Ilustrasi pertumbuhan tanaman. Foto : GoranH via Pixabay
FLORIDA, BERITALINGKUNGAN.COM– Perubahan iklim terus mengubah pola kehidupan di bumi, termasuk siklus tumbuh tanaman. Para ilmuwan kini berhasil mengembangkan metode untuk memprediksi perubahan ini dengan lebih akurat berkat data bersejarah dan inovasi ilmiah terbaru.
Pada 1887, tradisi Groundhog Day lahir di Pennsylvania, mencerminkan upaya manusia dalam memahami perubahan musim. Namun, kemampuan kita memprediksi waktu datangnya musim semi masih terbatas dibandingkan dengan prediksi cuaca. Penelitian baru yang dipublikasikan dalam Communications Earth & Environment berhasil meningkatkan akurasi prediksi perubahan musim dengan memanfaatkan data sains warga tertua di AS, yang dikumpulkan sejak abad ke-19.
Tim peneliti menemukan dokumen tua berisi ribuan pengamatan fenologi (pola kehidupan tanaman dan hewan) yang diterbitkan oleh Kantor Paten AS di bawah pengawasan Dr. Franklin Hough. Data ini mencakup waktu tumbuh daun dan berbunga dari Michigan hingga Florida selama lebih dari 150 tahun terakhir.
Perubahan Siklus Tumbuh Tanaman
Dengan membandingkan data historis dan modern, para ilmuwan menemukan bahwa rata-rata tanaman di AS kini berbunga tiga hingga empat minggu lebih awal dibandingkan 150 tahun lalu. Hal ini menunjukkan dampak nyata perubahan iklim terhadap fenologi tanaman.

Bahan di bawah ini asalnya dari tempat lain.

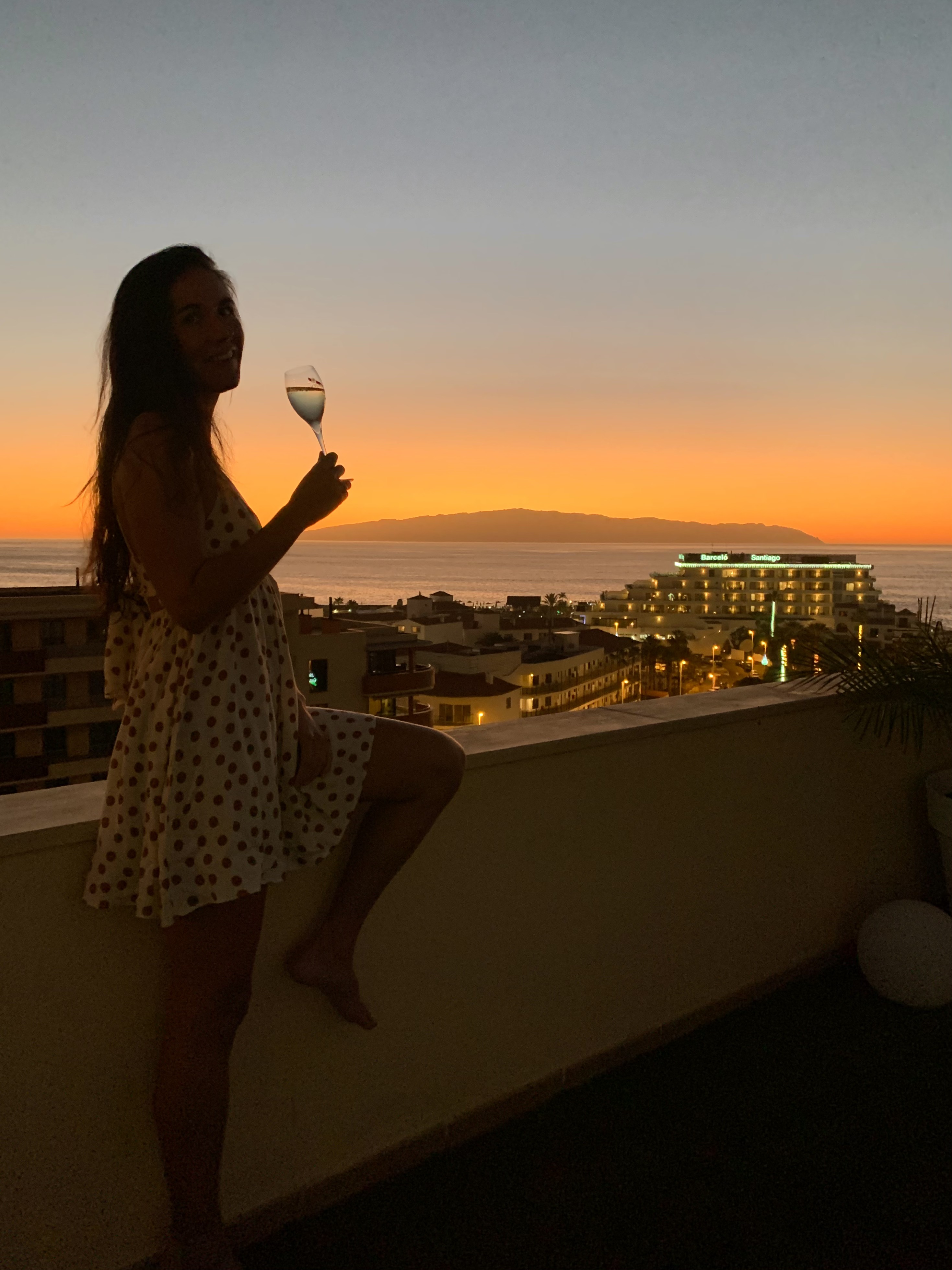 Réveil en douceur en ouvrant les rideaux, vue face à la mer et l’ile de la Gomera.
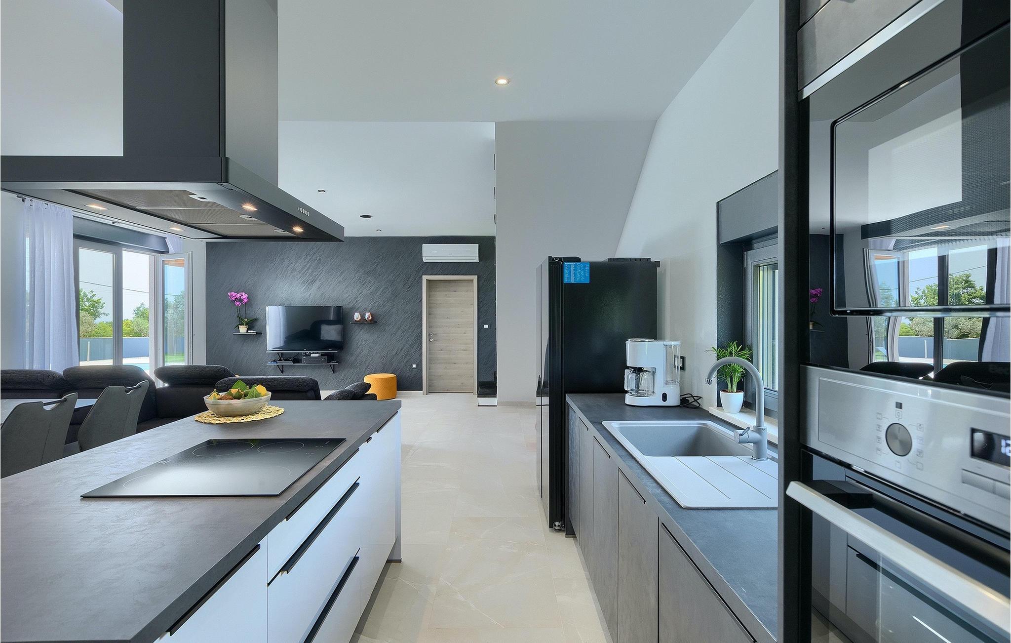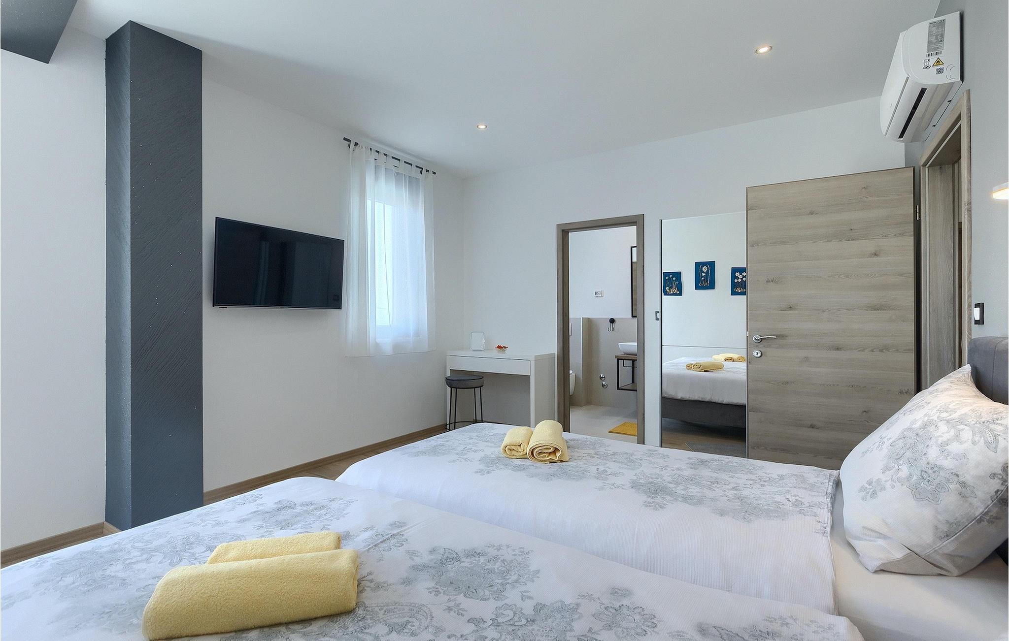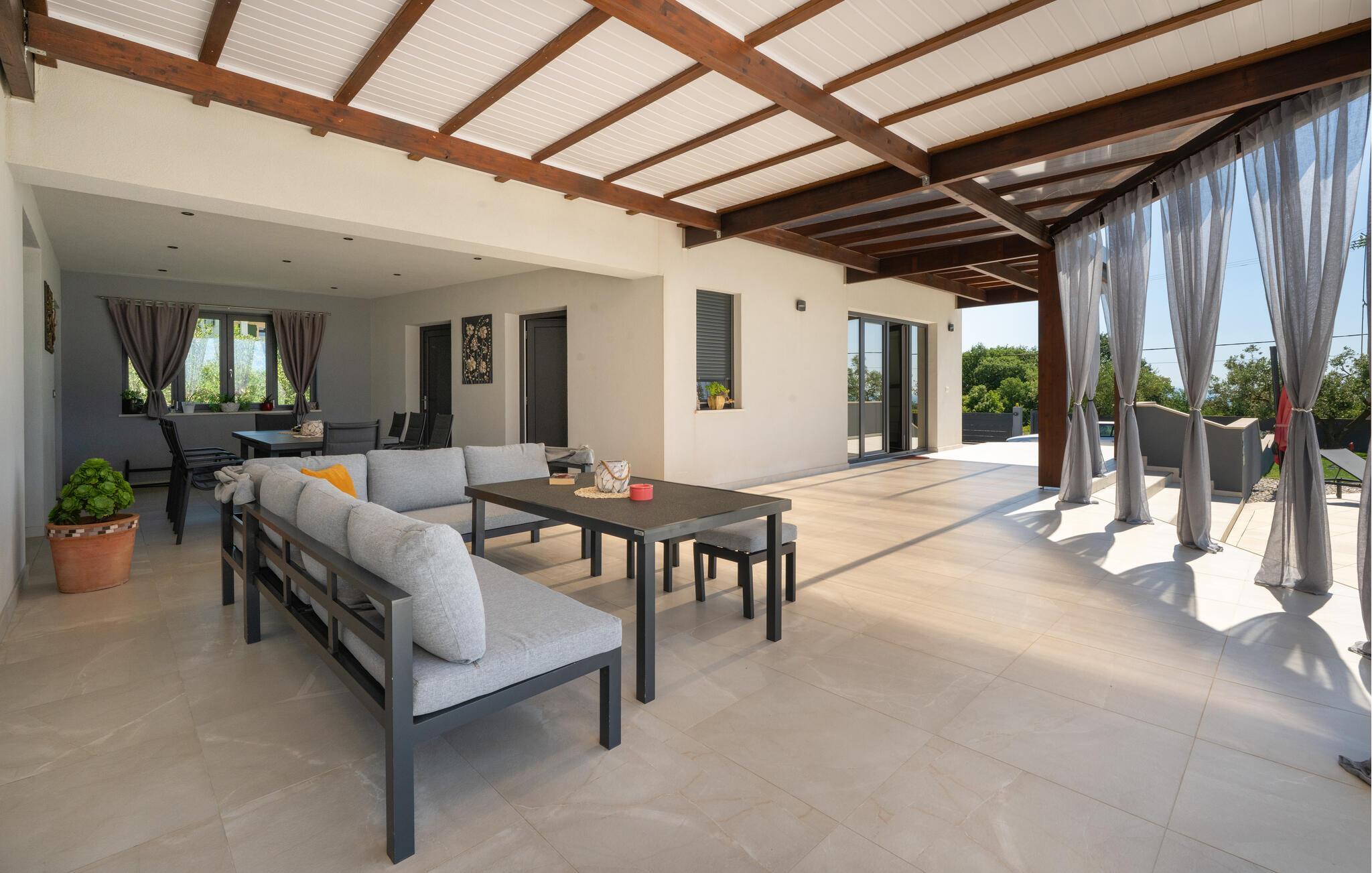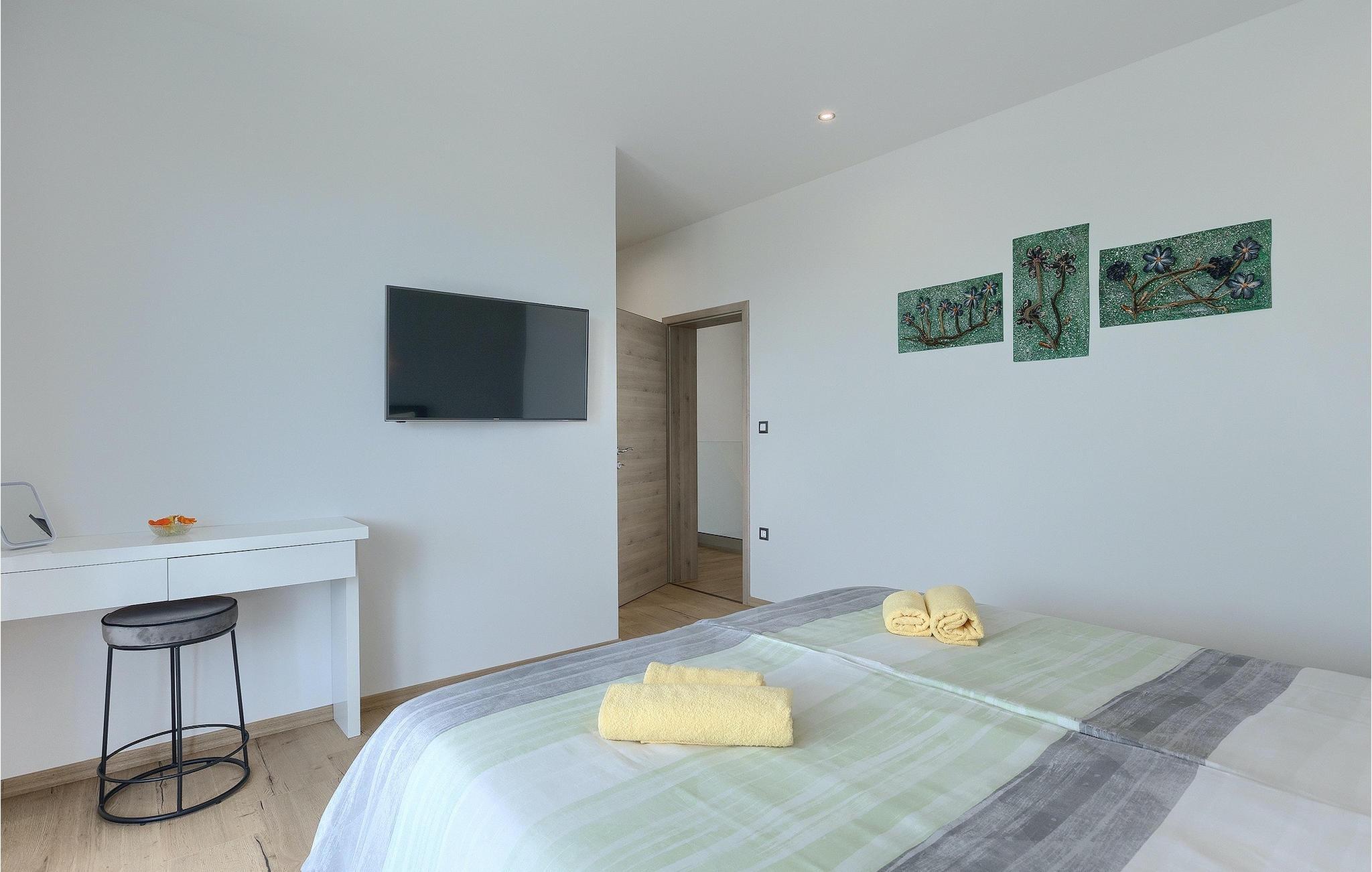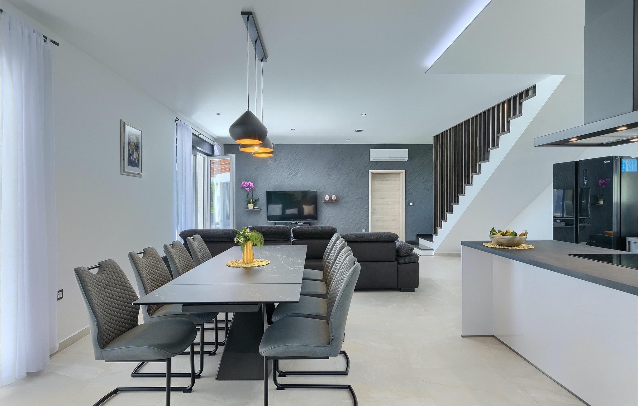 Villa Posidonia er det perfekte sted at tilbringe en uforglemmelig ferie! Det er beliggende i en lille by i Istrien er en fremragende beliggenhed tæt på havet - ideel til at opdage de smukke strande i Istrien. Villaen kan rumme op til ni personer og byder på alt hvad du behøver til en afslappende ferie med dine kære. Der er en privat pool og en udendørs bruser til forfriskning på varme sommerdage, samt liggestole, hvor du kan slappe af. En udendørs grill og spiseplads står til din rådighed. Udenfor er der mål for fodbold, badminton og en legeplads. Ejendommen er fuldt indhegnet og har privat parkering for op til fem biler. Villaens indretning er stilfuldt og smagfuldt indrettet ned til mindste detalje. I stueetagen er der fuldt udstyret køkken med spiseplads, opholdsstue, separat toilet, soveværelse med dobbeltseng, balkon med havudsigt og pooludsigt, tv og eget badeværelse samt vaskerum og spillehal. med billard, bordfodbold og dart. På første sal er der tre mere komfortable soveværelser. To med dobbeltseng og et med to enkeltsenge, balkon med havudsigt, tv og eget badeværelse. Villaen er fuldt airconditioneret og tilbyder internetadgang.Villa Posidonia er beliggende nær Pula. Pula er turistcentrum i Istrien, hvad angår kultur, tradition og smuk natur. Den havde sin storhedstid i romertiden. Romerne efterlod sig mange spor, især det smukke amfiteater. Udforsk byens gader og nyd Istriens specialiteter, der tilbydes i restauranterne. Kun en kort køretur væk ligger Cape Kamenjak, et vidunderligt eksempel på uberørt natur. Krystalklart hav og strande med naturlig skygge vil tage pusten fra selv de mest kræsne gæster. Mange attraktive faciliteter er kun få minutters kørsel væk. Nogle af dem er Brijuni Islands National Park med en unik golfbane og en safaripark og mange andre kulturelle og turistattraktioner. For sportselskere tilbydes forskellige aktiviteter, såsom fodbold, ridning, tennis, sejlads, minigolf, flyvning, bowling, volleyball på sandet, dykning gennem stilheden i undervandsverdenen og flere andre sportsgrene og vandsport.

Penelitian ini juga menyoroti faktor “kecepatan pemanasan” di musim semi, yang sebelumnya diabaikan. Faktor ini mengungkap bahwa lokasi geografis dan kecepatan peningkatan suhu memainkan peran penting dalam menentukan waktu tumbuh tanaman. Sebagai contoh, maple merah (Acer rubrum) yang biasanya berbunga lebih awal, dapat dikalahkan oleh tanaman yang berbunga lebih lambat seperti azalea merah muda (Rhododendron periclymenoides) jika berada di wilayah dengan pemanasan yang lebih cepat.
Dampak pada Konservasi dan Ekosistem
Penemuan ini memberikan alat penting bagi konservasionis untuk memprediksi pola ekosistem di masa depan. Sebagai suhu global yang terus meningkat, tanaman dan hewan tak hanya mengubah waktu aktivitas mereka, tetapi juga lokasi habitat mereka.
Menurut Rob Guralnick dari Florida Museum of Natural History, pemahaman yang lebih baik tentang pola ini akan membantu melindungi keanekaragaman hayati yang tersisa. “Dengan pendekatan holistik, kita semakin dekat untuk memahami dunia yang akan datang dan bagaimana mengelolanya,” ujar Rob seperti dikutip Beritalingkungan.com dari laman floridamuseum.ufl.edu (18/12/2024).
Penelitian ini didukung oleh National Science Foundation dan USDA National Institute of Food and Agriculture, membuka jalan bagi upaya pelestarian ekosistem yang lebih adaptif di tengah krisis iklim (Marwan Aziz).